AmeriCorps volunteers leave the State and National program and the NCCC feeling more connected to their communities, more likely to vote, to participate in community meetings and with a greater sense of duty to their neighbors.

That’s according to an eight-year study concluded in 2007, which categorizes all those things as civic engagement.

“The strongest finding was in the area of civic engagement,” said Peter Frumkin, faculty director of the Center for High Impact Philanthropy.

“Personal development and social capital were less strong,” he said. The first includes building strengths or talents, or finding one’s identity. Social capital means the networks and relationships that help people get along better in life.

“It’s a good option for a young person trying to figure out what they [sic] want to do before college, after college, in a gap year,” said Frumkin.

Some effects were sporadic, or nonexistent, like group cohesion and educational attainment.

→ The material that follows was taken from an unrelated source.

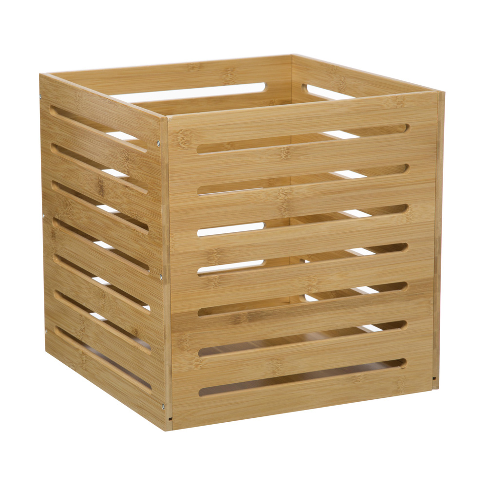 Een stevige bamboe kist waar je allerlei soorten producten in kunt opbergen. Hij is eenvoudig te monteren en heeft een sterk robuuste uitstraling. Omdat de kist geen deksel heeft en openingen heeft aan de zijkant, kun je gemakkelijk de inhoud zien.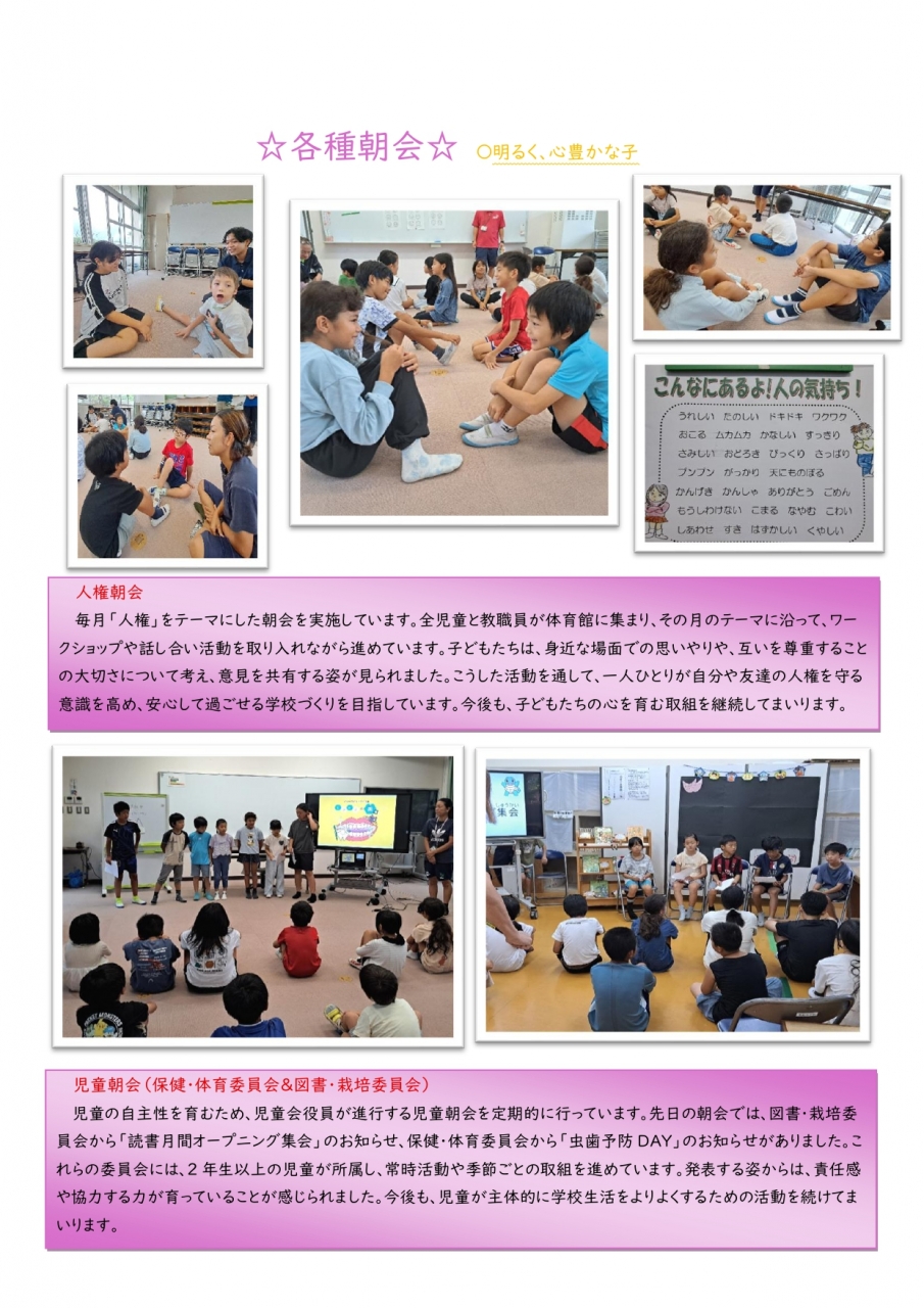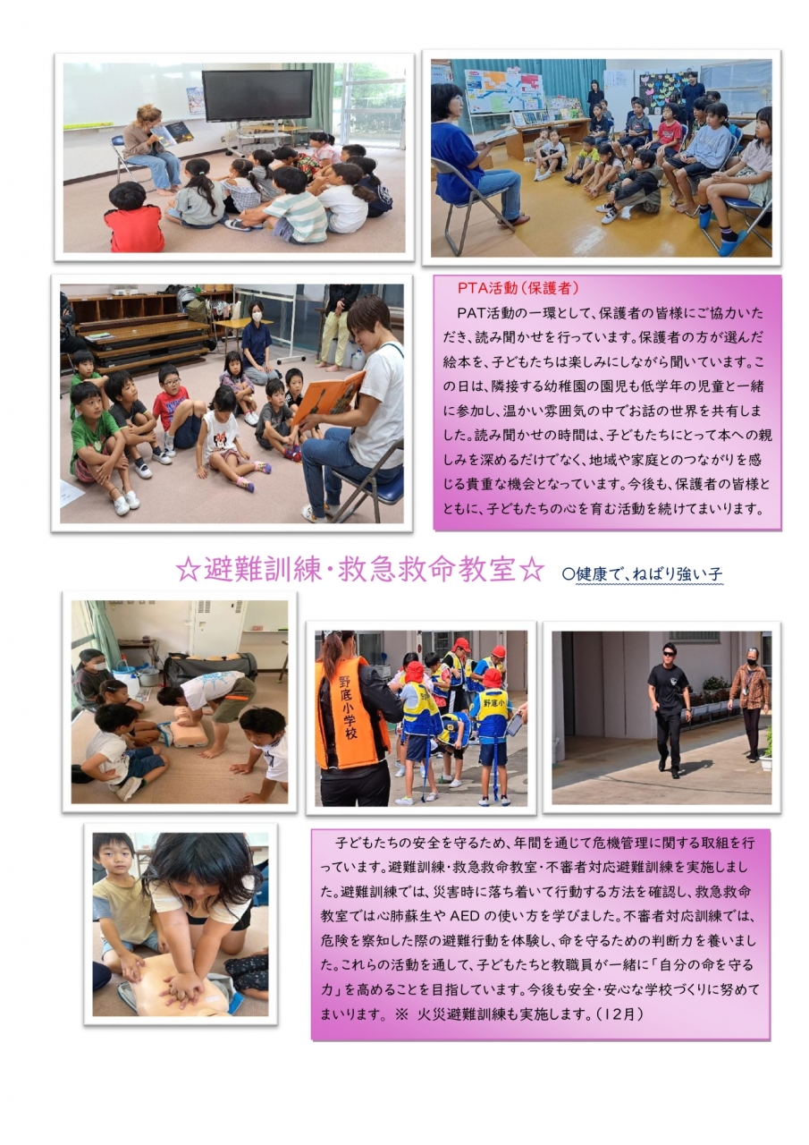 心を育む活動としては、読み聞かせや人権朝会、児童会活動を継続し、思いやりや協力する力を養っています。安全面では、避難訓練や救急救命教室を実施し、命を守る力を高めています。

“The AmeriCorps program made one thing worse: and that was tolerance and acceptance of diversity within the residential program, NCCC.”  People living together on NCCC campuses reported more hostility and less tolerance of differences among themselves. “The good news,” said Frumkin, “is in the long term that faded.”

The report “Serving Country and Community: A Longitudinal Study of Service in AmeriCorps” followed some 2,000 State and National or NCCC volunteers from the beginning of their 1999-2000 year of service through 2007. For a control group, during the same time period, the study also followed a similar number of people who qualified for the same volunteer slots but did not join.

Frumkin noted limitations of the study: For one, both the AmeriCorps graduates and the control group tend to be more motivated to get involved in civic life than the general population, which limits the conclusions to the impact of service on people who are already motivated.